According to CBP’s account of the seizure:

CBP officers at the Gateway to the Americas Bridge recently seized over $125,000 in unreported currency hidden within a passenger vehicle during an outbound examination. The seizure occurred on Monday, November 20 at the Gateway to the Americas Bridge when a CBP officer conducting outbound examinations selected a 2014 Chevrolet Malibu driven by a 36-year-old male U.S. citizen for examination. After initial inspection, CBP officers conducted an intensive physical examination and discovered a total of $125,306 in unreported currency hidden within the vehicle. CBP officers seized the currency. Homeland Security Investigations special agents arrested the driver and initiated a criminal investigation.

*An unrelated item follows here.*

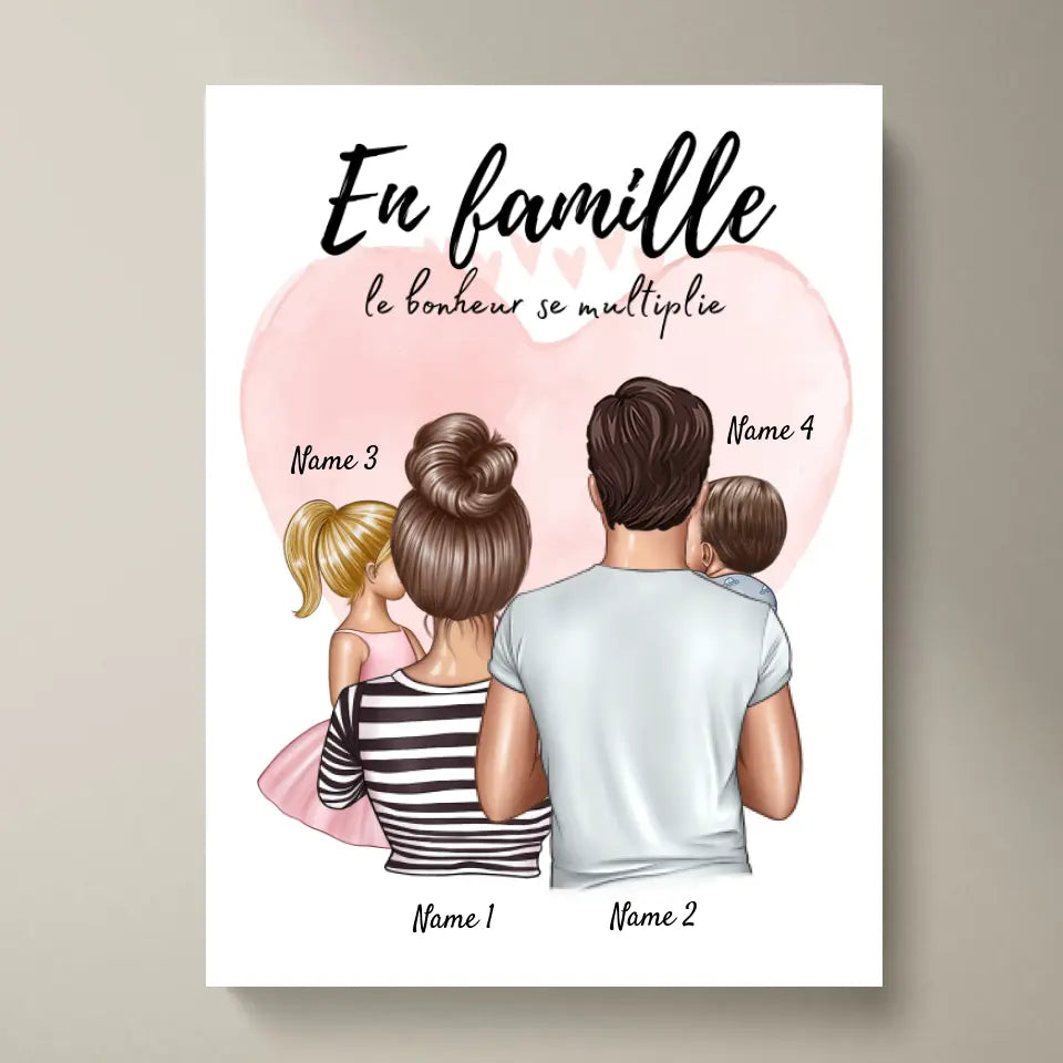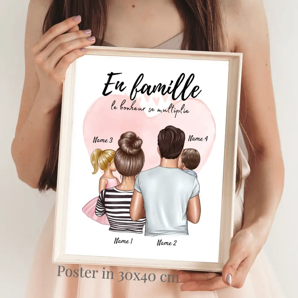 Gelukkig gezin, Famille heureuse - Poster gepersonaliseerd (Ouders met 1-3 kinderen)

Why This Case Resulted in an Arrest

The first thing most people ask after reading a story like this is: am I going to be arrested if CBP finds my cash? The honest answer, in most cases, is no. The vast majority of currency seizure cases — including most of the cases I have handled across more than 630 clients over 14 years — are civil matters. The money gets seized, the traveler is released, and the case proceeds through CBP’s administrative forfeiture process. Criminal prosecution for a straightforward currency reporting violation, without more, is relatively rare.

This case is different, and the details explain why. Three facts combined to escalate it from a civil seizure to a criminal arrest. First, the currency was hidden within the vehicle — not simply undeclared, but concealed. That concealment is what triggers 31 U.S.C. § 5332, the bulk cash smuggling statute, which is a federal felony carrying up to five years in prison. Second, the amount — $125,306 — is substantial. Third, HSI was present and initiated its own criminal investigation, which signals the government suspects the money is connected to something beyond a simple reporting violation, most likely drug trafficking proceeds heading south into Mexico through the Laredo corridor.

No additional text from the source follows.